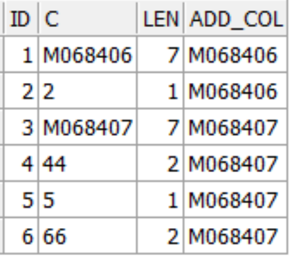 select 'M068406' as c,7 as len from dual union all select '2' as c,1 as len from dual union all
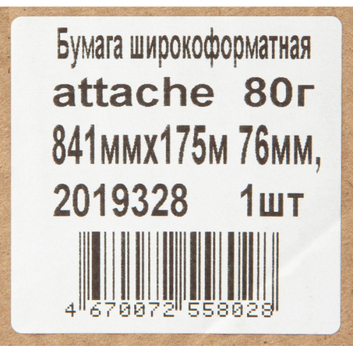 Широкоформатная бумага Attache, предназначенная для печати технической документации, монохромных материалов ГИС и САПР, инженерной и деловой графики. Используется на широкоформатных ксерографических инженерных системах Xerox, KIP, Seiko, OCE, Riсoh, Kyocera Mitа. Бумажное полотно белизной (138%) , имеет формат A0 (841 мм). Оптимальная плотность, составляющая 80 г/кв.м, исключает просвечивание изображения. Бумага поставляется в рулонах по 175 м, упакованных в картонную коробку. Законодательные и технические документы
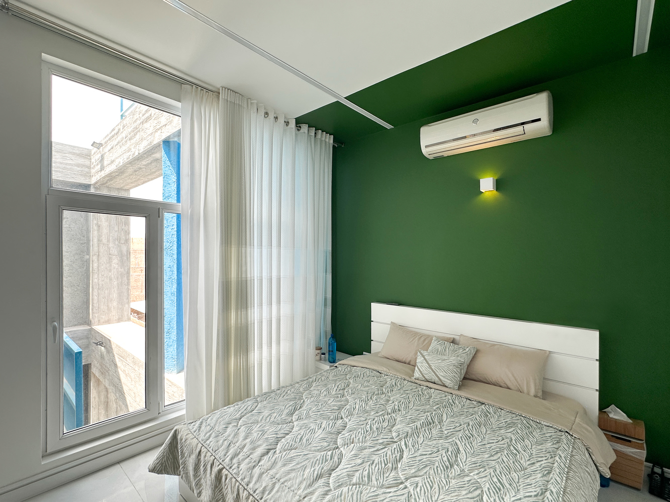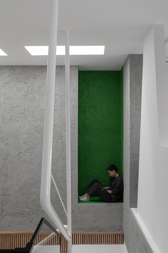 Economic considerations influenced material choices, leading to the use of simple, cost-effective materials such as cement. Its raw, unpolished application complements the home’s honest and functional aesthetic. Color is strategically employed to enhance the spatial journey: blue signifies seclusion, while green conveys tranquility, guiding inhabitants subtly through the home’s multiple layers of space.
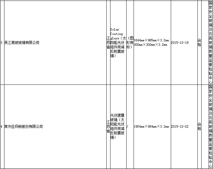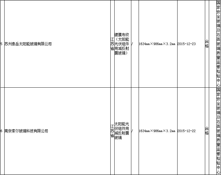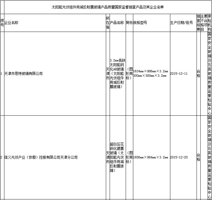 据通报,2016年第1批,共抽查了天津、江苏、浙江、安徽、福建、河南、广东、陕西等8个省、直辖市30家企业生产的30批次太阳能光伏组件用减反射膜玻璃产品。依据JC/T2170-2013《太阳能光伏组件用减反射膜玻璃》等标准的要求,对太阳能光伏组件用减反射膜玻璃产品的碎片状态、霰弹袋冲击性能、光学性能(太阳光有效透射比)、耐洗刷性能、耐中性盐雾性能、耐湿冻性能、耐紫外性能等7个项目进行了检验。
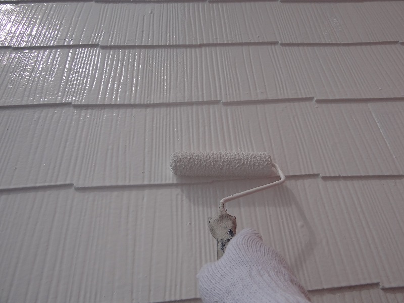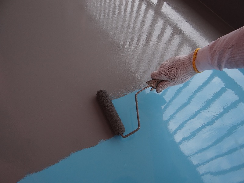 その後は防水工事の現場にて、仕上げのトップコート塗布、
• • •
**Work request**
Leave the images aside and retype each line of the listing above exactly.

**Written response**
 select 'M068406' as c,7 as len from dual union all select '2' as c,1 as len from dual union all
 Широкоформатная бумага Attache, предназначенная для печати технической документации, монохромных материалов ГИС и САПР, инженерной и деловой графики. Используется на широкоформатных ксерографических инженерных системах Xerox, KIP, Seiko, OCE, Riсoh, Kyocera Mitа. Бумажное полотно белизной (138%) , имеет формат A0 (841 мм). Оптимальная плотность, составляющая 80 г/кв.м, исключает просвечивание изображения. Бумага поставляется в рулонах по 175 м, упакованных в картонную коробку. Законодательные и технические документы
 Economic considerations influenced material choices, leading to the use of simple, cost-effective materials such as cement. Its raw, unpolished application complements the home’s honest and functional aesthetic. Color is strategically employed to enhance the spatial journey: blue signifies seclusion, while green conveys tranquility, guiding inhabitants subtly through the home’s multiple layers of space.
 据通报,2016年第1批,共抽查了天津、江苏、浙江、安徽、福建、河南、广东、陕西等8个省、直辖市30家企业生产的30批次太阳能光伏组件用减反射膜玻璃产品。依据JC/T2170-2013《太阳能光伏组件用减反射膜玻璃》等标准的要求,对太阳能光伏组件用减反射膜玻璃产品的碎片状态、霰弹袋冲击性能、光学性能(太阳光有效透射比)、耐洗刷性能、耐中性盐雾性能、耐湿冻性能、耐紫外性能等7个项目进行了检验。
 その後は防水工事の現場にて、仕上げのトップコート塗布、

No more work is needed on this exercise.